5: A Need for Explanations and Reassurance

While people are still buying homes, they’re likely also more cautious than they were a year ago. With unemployment numbers up every week and the stock market more volatile than it’s been in more than a decade, many would-be homeowners may be thinking twice about taking on a long-term debt like a mortgage.

As such, homebuyers will likely want more – and different – information from their Originators or Brokers than usual. Customers may, for example, want to know whether they’ll qualify for forbearance if they lose their jobs. Or maybe they’ll be curious about how forbearance might affect their credit.

These are important questions for Originators and Brokers to be prepared for. In some cases, for example, taking advantage of a forbearance may affect a customer’s ability to get a refinance in the future.

Others may be able to avoid forbearance altogether by opting for a cash-out refinance, which could potentially preserve their credit and offer benefits to the mortgage lender and servicer.

By being a source of trusted information about not just the mortgage process but also homeownership more broadly, Originators and Brokers can ease homebuyer uncertainty in a time when they need that most.

 

In the Age of COVID, Experience Matters More than Ever

While many Americans’ finances have changed dramatically in the past few weeks, homeownership is still a dream for the majority of us: in 2019, 84 percent noted that homebuying was a priority, up from 75 percent in 2018. And with interest rates low and forbearances at nearly six percent of all loans, refinances and loan modifications will play a big role in 2020’s mortgage activity.

But because of the pandemic we’re living through, mortgage customers can’t tolerate increased stress or uncertainty.
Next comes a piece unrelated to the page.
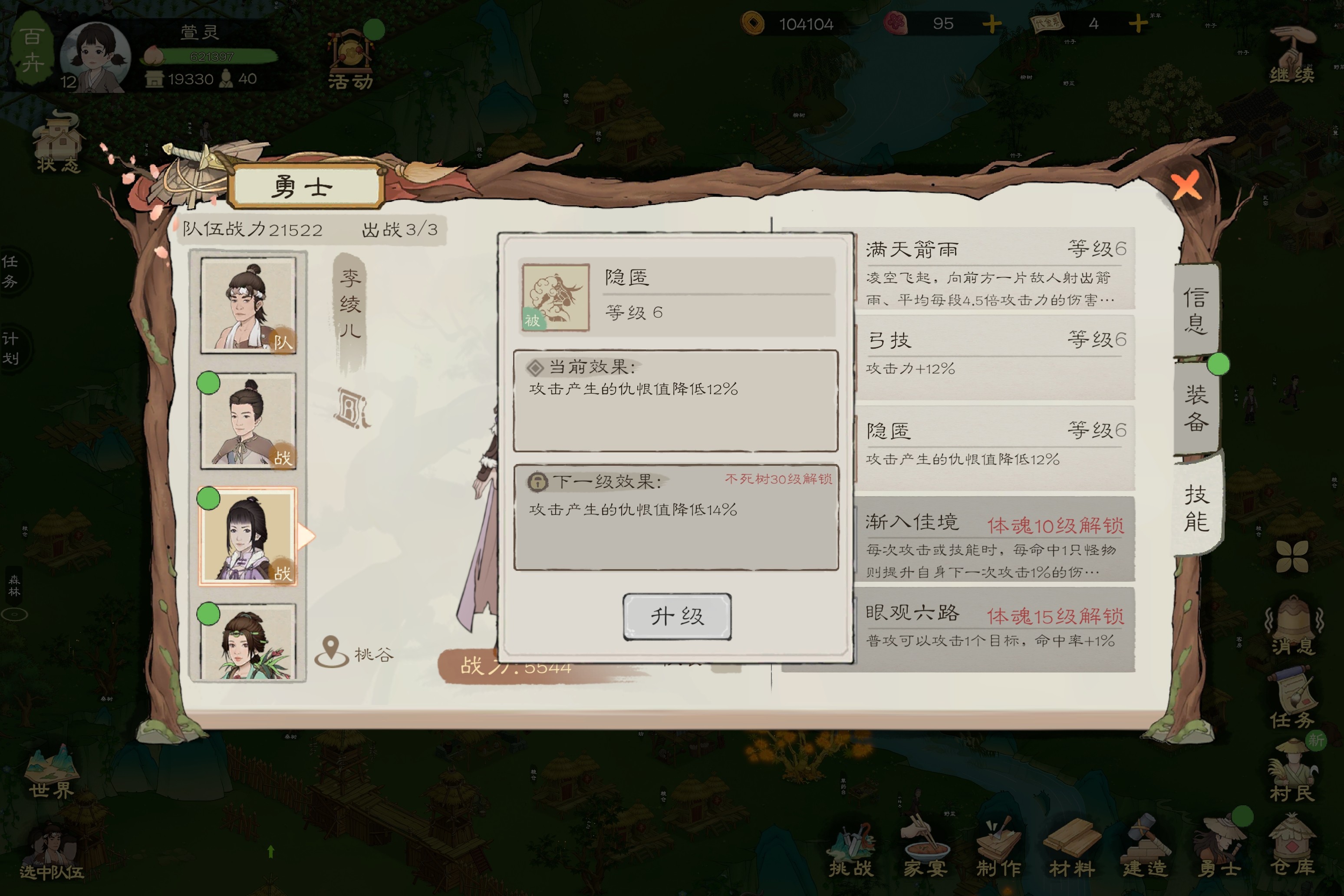 注:可通过提升不死树等级来升级勇者的主动被动技能,每提升五级不死树可升级一级勇者都主动被动技能(不死树需要每天施肥升级)

Lenders can cater to their needs by providing digital tools and partnering with companies that facilitate digital processes to make the mortgage experience seamless, ensuring that Originators and Brokers are communicating frequently to reduce confusion, and empowering Originators and Brokers to provide robust support throughout the mortgage origination process.

Together, these efforts will ensure that the digital mortgage experience is one customers embrace, even in the challenging realities of 2020.